Daimler Mercedes Truck Highway Pilot Connect - Test Drive

Daimler Mercedes Truck Highway Pilot Connect - Test Drive

Daimler demonstrates autonomous truck platooning; Highway Pilot Connect delivers ~7% lower fuel consumption

Daimler Trucks demonstrated the new Highway Pilot Connect system for autonomous truck platooning on the A52 autobahn near Düsseldorf. Three WiFi-connected, autonomously driving trucks operated on the autobahn with authorization for public traffic in a platoon formation.

Such a combination can reduce fuel consumption by up to 7% and the road space requirement on motorways by almost half, while improving traffic safety at the same time, Daimler said. Based on the Daimler Trucks Highway Pilot system for autonomously driving heavy trucks (earlier post), the three trucks link up to form an aerodynamically optimized, fully automated platoon.

Connected vehicles in a platoon require a distance of only 15 meters instead of 50 meters between them. This considerably smaller distance produces a significant reduction in aerodynamic drag—comparable to slipstream riding in cycling competitions.

In this way a platoon of three trucks can achieve the ~7% fuel saving, resulting in fuel consumption figures of around 25 l/100 km (9.4 mpg) possible for a loaded semitrailer combination with a gross weight of 40 t. This corresponds to a consumption of only 0.66 l/100 km (356 mpg) per tonne, or CO2 emissions of 13.3 g per kilometer per tonne.
In parallel with this, platooning allows much more efficient use of the road space: thanks to the shorter distance between vehicles, a platoon of three linked trucks has a length of only 80 meters.
In contrast to this, three trucks which are not electronically docked require a total of 150 meters of road space.

At the same time platooning makes road traffic much safer: while a human behind the wheel has a reaction time of 1.4 seconds, Highway Pilot Connect transmits braking signals to the vehicles behind in less than 0.1 seconds. This considerably reduced reaction time can make a major contribution towards reducing rear-end collisions such as occur e.g. when encountering traffic jams on motorways. The smart, self-optimizing truck has the highest priority for us. Using connected communication between the truck and other vehicles and the surroundings, we can improve traffic flow and lower fuel consumption and emissions. At the same time intelligent trucks help to lower the number of traffic accidents. This is an important step on our way towards accident-free driving. —Sven Ennerst, Head of Truck Product Engineering & Global Procurement

The basis of Highway Pilot Connect is networking between vehicles and precise awareness of the surroundings. Highway Pilot Connect is a further development of the well-tried Highway Pilot system by Daimler Trucks. This system allows trucks to drive semi-autonomously, and has been under test since October 2015, in a standard Mercedes-Benz Actros operating on public roads in Germany.
The Highway Pilot was first presented in July 2014, in the Mercedes-Benz Future Truck 2025 study, followed by the very first public road authorization for an autonomously driving truck in May 2015, for the Freightliner Inspiration Truck (earlier post).

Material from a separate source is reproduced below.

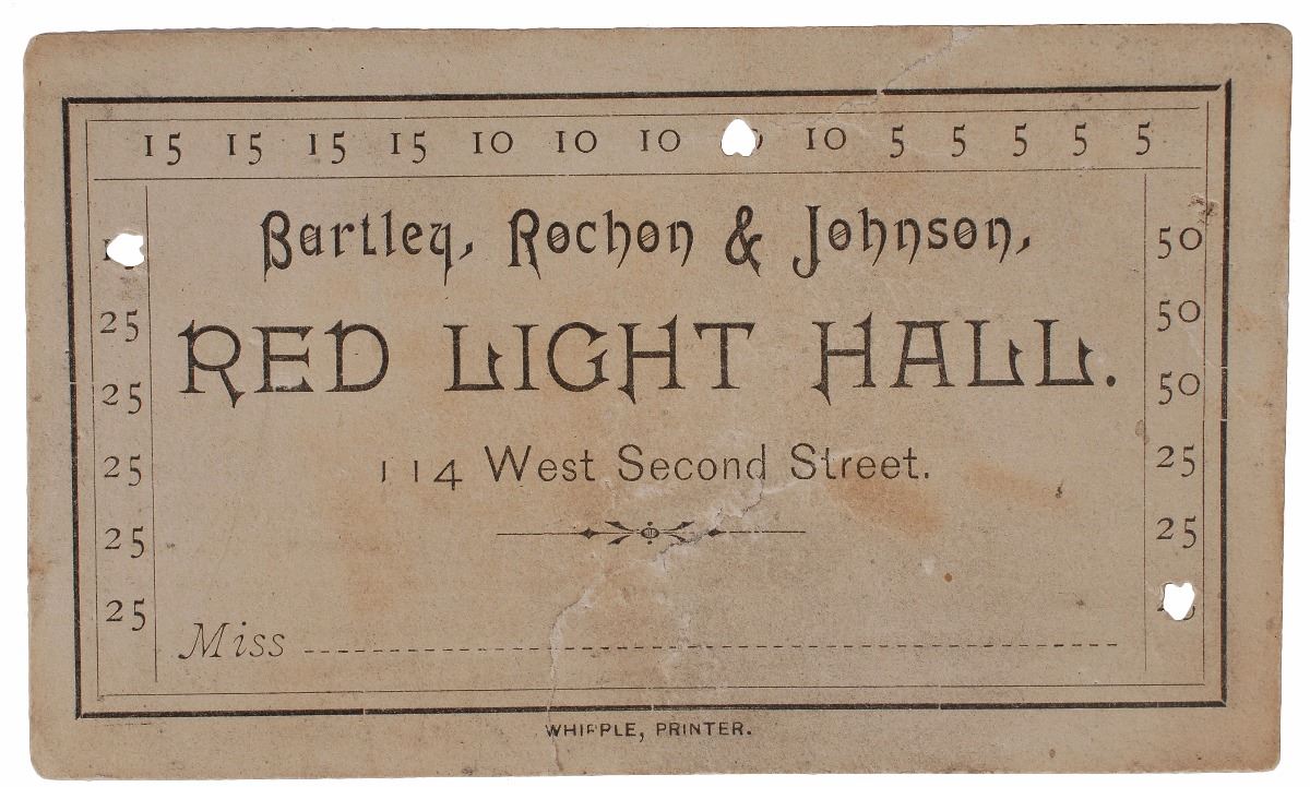 Like any Wild West boomtown, Leadville had its fair share of brothels, represented here by a prostitute’s punch card for employment at Leadville's “Bartley, Rochon & Johnson, Red Light Hall, 114 West Second Street.” West Second Street was designated as the official ‘red light’ district, with the Red Light Hall being one of its notorious dance halls and brothels.

Compared to the Highway Pilot, Highway Pilot Connect has the additional technical function for electronic vehicle docking. Communication between vehicles is made possible by an onboard telematics platform. A specific V2V (vehicle-to-vehicle) communication module using a special WiFi standard reserved exclusively for automotive enables direct data transfer between the trucks. Highway Pilot Connect uses this for a constant exchange of information with other trucks and the environment.

Because of their technology, all the members of such a platoon continue to be autonomously driving trucks. They are able to maintain their direction independently of the vehicle ahead, and thanks to their combination of linear and lateral guidance, they can react to unexpected situations at any time. This also applies if other vehicles cut into or leave the platoon’s space. In this case the vehicle can smoothly disengage from the platoon and continue alone in autonomous mode. The driver does not need to intervene.

Docking three or more vehicles together becomes particularly interesting in countries with a corresponding infrastructure. In the USA or Australia, for example, trucks cover long distances without bridges and exit roads on highways crossing the entire continent.
Daimler Trucks is participating in the European Truck Platoon Challenge 2016 (EU TPC)—an initiative of the Netherlands during their ongoing EU presidency—with its three Mercedes-Benz Actros Highway Pilot Connect trucks.